Près de 340 exposants nationaux et étrangers sont attendus au 11e Salon international de l’après-vente et des services pour les véhicules Equip Auto 2017 qui se tiendra à partir d’aujourd’hui et jusqu’au 2 mars au Palais des expositions.

Le nombre de participants aura ainsi augmenté de 11% par rapport à l’édition précédente, a indiqué Nabil Bey Boumezrag, qui a précisé que 75% des exposants viennent d’une vingtaine de pays. Pour la participation algérienne, il y aura 86 exposants dont 10% sont des fabricants spécialisés dans les composantes automobiles, les pièces de rechange et accessoires et les produits consommables (batteries, lubrifiants…).
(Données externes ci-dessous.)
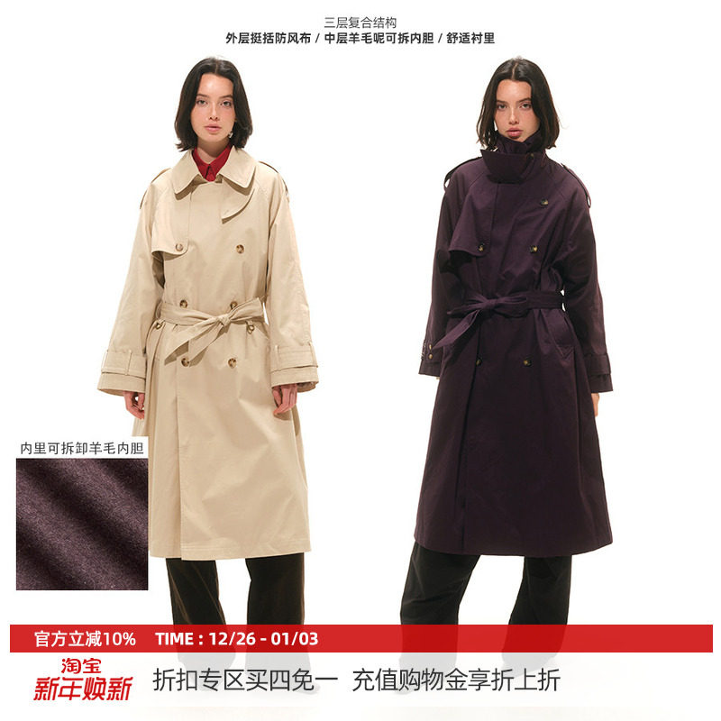 DOSORDONTS 经典廓形棉感双排扣可拆卸羊毛呢内胆重工腰带长风衣

« Cette participation record de fabricants algériens reflète l’intérêt progressif des professionnels locaux à la sous-traitance automobile et confirme leur adhésion à la nouvelle politique industrielle adoptée par les pouvoirs publics pour établir une industrie locale de l’automobile », a-t-il soutenu.
Concernant la participation étrangère, six pays auront des pavillons nationaux (participation officielle) qui sont la Chine, l’Inde, la Pologne, la Turquie, Taiwan et le Maroc. D’autres exposants étrangers participeront à titre individuel, en provenance d’Allemagne, de Belgique, de Corée du Sud, des Émirats arabes unis, d’Inde, d’Italie, de Malaisie, du Royaume-Uni, de Tunisie et des États-Unis.
L’édition de cette année se caractérisera par la participation pour la première fois du ministère de la Formation et de l’Enseignement professionnels à travers son institut d’Es Senia (Oran), retenu comme institut-pilote, pour développer une main-d’œuvre spécialisée dans les métiers de l’automobile.
Il faut souligner que l’importation et la vente des pièces de rechange seront soumises à un cahier des charges tel qu’annoncé, hier, par Abdeslam Bouchouareb, ministre de l’Industrie et des Mines.
Il a précisé, à ce propos, que «l’importateur sera obligé d’avoir des contrats d’achat directtement auprès du fabricant sans passer par un intermédiaire ».
Cette décision des pouvoirs publics, qui vise à réguler un marché qui souffre, à la fois, d’une anarchie mais surtout de la contrefaçon, oblige le fabricant de ces pièces à avoir un agrément auprès du constructeur automobile pour fabriquer ces pièces.
« La relation doit être entre le fabricant d’origine ou avec le fabricant ayant un agrément auprès du premier constructeur. Cela va nous permettre d’avoir de la transparence dans ce que nous importons et de garantir la sécurité du citoyen et du consommateur », a expliqué le ministre.
Ce cahier des charges, qui sera soumis au secrétariat du gouvernement dans les dix jours à venir, devrait combler « un vide existant » dans l’importation des pièces de rechange dont la facture annuelle est estimée à environ 800 millions de dollars.